Reinforce 是一种基于策略的方法：一种深度强化学习算法，尝试直接优化策略而不使用动作值函数，基于Monte Carlo Policy Gradient。更准确地说，Reinforce旨在通过使用梯度上升估计最优策略的权重来直接优化策略。

本笔记本的目标：

能够使用 PyTorch 从头开始编写 Reinforce 算法。

能够使用简单的环境测试代理的稳健性。

能够通过精彩的视频回放和评估分数将您训练有素的代理推送给别人。

### 导入模块

In [1]:
import numpy as np

from collections import deque

import matplotlib.pyplot as plt
%matplotlib inline

# PyTorch
import torch
import torch.nn as nn
import torch.nn.functional as F
import torch.optim as optim
from torch.distributions import Categorical

# Gym
import gym
#import gym_pygame

In [6]:
# 检查我们是否有 GPU

device = torch.device("cuda:0" if torch.cuda.is_available() else "cpu")
print(device)

cpu


### 创建 CartPole 环境并了解其工作原理

如果满足以下条件，则该episode结束：

极角大于±12°

购物车位置大于±2.4

剧集长度大于 500

In [2]:
env_id = "CartPole-v1"
# Create the env
env = gym.make(env_id)

# Create the evaluation env
eval_env = gym.make(env_id)

# Get the state space and action space
s_size = env.observation_space.shape[0]
print(s_size)
a_size = env.action_space.n
print(a_size)

4
2


In [3]:
print("_____OBSERVATION SPACE_____ \n")
print("The State Space is: ", s_size)
print("Sample observation", env.observation_space.sample()) # Get a random observation

print("\n _____ACTION SPACE_____ \n")
print("The Action Space is: ", a_size)
print("Action Space Sample", env.action_space.sample()) # Take a random action

_____OBSERVATION SPACE_____ 

The State Space is:  4
Sample observation [-1.8286734e+00 -2.7030667e+38 -3.4430575e-01 -8.4396607e+37]

 _____ACTION SPACE_____ 

The Action Space is:  2
Action Space Sample 1


### 构建Reinforce架构

REINFORCE算法是一种基于策略的深度强化学习算法，它直接对策略进行优化以最大化预期回报。这种算法属于蒙特卡罗方法，因为它依赖于完整的序列样本来更新策略。下面是REINFORCE算法的主要组成部分和工作流程：

1. **策略表示**：REINFORCE算法通过参数化的策略来操作，通常表示为πθ(a|s)，其中s表示状态，a表示动作，θ表示策略参数。这个策略可以用任何具有可微分参数的模型来表示，如神经网络。
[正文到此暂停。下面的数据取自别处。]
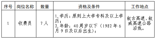 根據(jù)敘古敘威公司一線運(yùn)營(yíng)管理工作需要,擬面向蜀道集團(tuán)系統(tǒng)開(kāi)展收費(fèi)崗位內(nèi)部選聘工作?,F(xiàn)將相關(guān)事宜公告如下:

2. **目标函数**：它的目标是最大化预期回报的期望值，即策略的好坏由其获得的回报来衡量。回报是从某状态开始，按照策略πθ采取行动直到终止状态所获得的累积奖励。

3. **梯度上升**：为了最大化目标函数，REINFORCE算法使用梯度上升方法来更新策略参数θ。策略梯度定理提供了一种计算目标函数梯度的方法，即通过采样得到的回报来估计。

4. **策略梯度定理**：根据策略梯度定理，策略的梯度可以表示为期望回报的梯度与对数策略的乘积。这意味着可以通过增加高回报动作的概率并减少低回报动作的概率来优化策略。

5. **算法步骤**：
   - 初始化策略参数θ。
   - 通过当前策略πθ在环境中执行多个完整的序列（或称为episode），收集状态、动作和奖励的序列。
   - 对于每一个episode，计算每一步的累积回报（从该步骤到序列结束的奖励总和）。
   - 对每一步，计算策略梯度，并根据这些梯度进行参数θ的更新。更新是通过加上步长（学习率）乘以策略梯度来实现的，以期最大化累积回报。
   - 重复上述过程，直到策略收敛（即参数θ的变化非常小或达到预设的迭代次数）。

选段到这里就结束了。